ASK1 in Disease Pathology
The pathological activation of ASK1 has been strongly implicated in various diseases. Elevated ASK1 activity results in inappropriate or prolonged activation of downstream kinases that can lead to tissue injury and overt pathological changes. For example, ASK1 signaling is involved in the development and progression of nonalcoholic steatohepatitis (NASH), where persistent activation leads to hepatocyte apoptosis, inflammation, and fibrosis. In addition, ASK1 has been associated with cardiovascular disorders, where its overactivation contributes to cardiac hypertrophy and remodeling. Neurodegenerative disorders, such as Huntington’s disease and amyotrophic lateral sclerosis (ALS), also demonstrate aberrant ASK1 activation, linking cellular stress with neuronal cell death. Overall, the dysregulated activity of ASK1 contributes to a crossover pathology in multiple systems—including the liver, heart, kidney, and nervous system—thus making ASK1 a promising molecular target for a range of chronic diseases.

Overview of ASK1 Inhibitors

Types of ASK1 Inhibitors
ASK1 inhibitors are chemically diverse agents developed to selectively target ASK1 kinase activity, thereby mitigating its downstream pathological signaling. The inhibitors can be broadly categorized into two types. First, ATP-competitive inhibitors bind to the kinase domain of ASK1 and directly block its enzymatic function; compounds of this type typically interact with the catalytic hinge region of ASK1, often forming hydrogen bonds with key residues such as Gln756, Val757, and Lys709. Second, allosteric inhibitors and modulators of protein–protein interactions are being explored as a way to fine-tune ASK1 activity rather than completely abolish it. The latter class is based on the concept that a delicate balance in ASK1’s activity might be preferable over total inhibition, given ASK1’s role in maintaining cellular homeostasis. Patents have been filed describing various ASK1 inhibitors of natural and synthetic origin, emphasizing the importance of discovering structurally distinct compounds that can effectively modulate ASK1 activity. These types of molecules differ in chemical structure and binding mode, offering multiple avenues for achieving therapeutic modulation of ASK1.

Mechanisms of Action
The primary mechanism of action for most ASK1 inhibitors is the competitive binding at the ATP-binding site of the kinase. This type of inhibition prevents ASK1 from phosphorylating its substrates and thereby stops the cascade that results in the activation of p38 and JNK MAPKs. Additionally, some inhibitors are designed to disrupt ASK1 dimerization or its interactions with regulatory proteins such as thioredoxin (TRX). Under normal stress conditions, TRX binds to ASK1 to prevent its activation; once oxidized, TRX dissociates, leading to ASK1 activation. An inhibitor that can either stabilize the binding of TRX or block the dimerization surface may prevent ASK1 activation altogether even in the presence of stress signals. Therefore, the design of ASK1 inhibitors involves detailed structure–activity relationship studies to optimize potency, selectivity, and pharmacokinetic profiles while minimizing off-target effects.
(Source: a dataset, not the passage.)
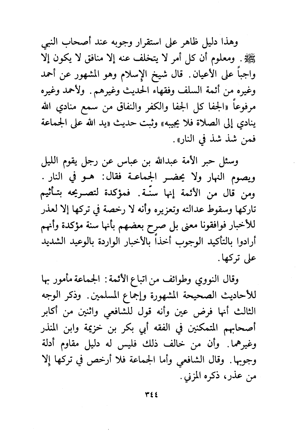 وهذا دليل ظاهر على استقرار وجوبه عند أصحاب النبي – - صلى الله عليه وسلم - ومعلوم أن كل أمر لا يتخلف عنه إلا منافق لا يكون إلا واجبًا على الأعيان. قال شيخ الإسلام وهو المشهور عن أحمد وغيره من أئمة السلف وفقهاء الحديث وغيرهم. ولأحمد وغيره مرفوعًا "الجفا كل الجفا والكفر والنفاق من سمع منادي الله ينادي إلى الصلاة فلا يجيبه" وثبت حديث "يد الله على الجماعة فمن شذ شذ في النار".

Current Clinical Trials of ASK1 Inhibitors

Identification of ASK1 Inhibitors in Trials
Among the ASK1 inhibitors currently in clinical trials, selonsertib stands out as the most extensively studied candidate. Developed originally by Gilead Sciences, selonsertib is an ATP-competitive inhibitor of ASK1 and has been evaluated in several clinical studies targeting a range of conditions characterized by oxidative stress and inflammation. According to multiple clinical trial records from databases such as CTGOV and WHO, selonsertib has been evaluated in patient populations with nonalcoholic steatohepatitis (NASH), severe alcoholic hepatitis (AH), diabetic kidney disease, and compensated cirrhosis due to NASH. These trials represent a spectrum of indications in which the resultant downstream inflammatory and fibrogenic signaling from ASK1 activation contributes significantly to disease pathology. In addition to selonsertib, other compounds being explored include novel chemical series derived from natural substances as described in several patents. However, based on the provided materials and the structured clinical trial entries, it is selonsertib that is most prominent and consistently reported as the ASK1 inhibitor undergoing clinical development.

Stages and Objectives of Trials
Clinical trials with selonsertib have been designed as randomized, double-blind, placebo-controlled studies. They are carried out across multiple phases with specific objectives tailored to the targeted disease state:

• In NASH: A Phase 2 study evaluated the safety and efficacy of selonsertib (in combination with other agents such as firsocostat and cilofexor) in patients with bridging fibrosis or compensated cirrhosis due to NASH. Subsequently, a Phase 3 trial aimed to assess long-term safety and efficacy regarding fibrosis improvement in adults with NASH and bridging fibrosis, utilizing changes in liver biomarkers as a key endpoint. Moreover, another Phase 3 trial conducted in India via the CTRI/WHO registry focused on the safety and efficacy of selonsertib in patients with nonalcoholic steatohepatitis with bridging fibrosis and a related trial evaluated the effectiveness of ASK1 inhibition in compensated cirrhosis due to NASH.

• In severe alcoholic hepatitis: A Phase 2, randomized, double-blind study was performed to evaluate the safety, tolerability, and efficacy of selonsertib in combination with prednisolone compared to prednisolone alone in patients with severe AH.

• In diabetic kidney disease: A Phase 2b trial (MOSAIC study) assessed selonsertib among patients with moderate to advanced diabetic kidney disease, analyzing markers of kidney function and the progression of fibrosis as outcomes.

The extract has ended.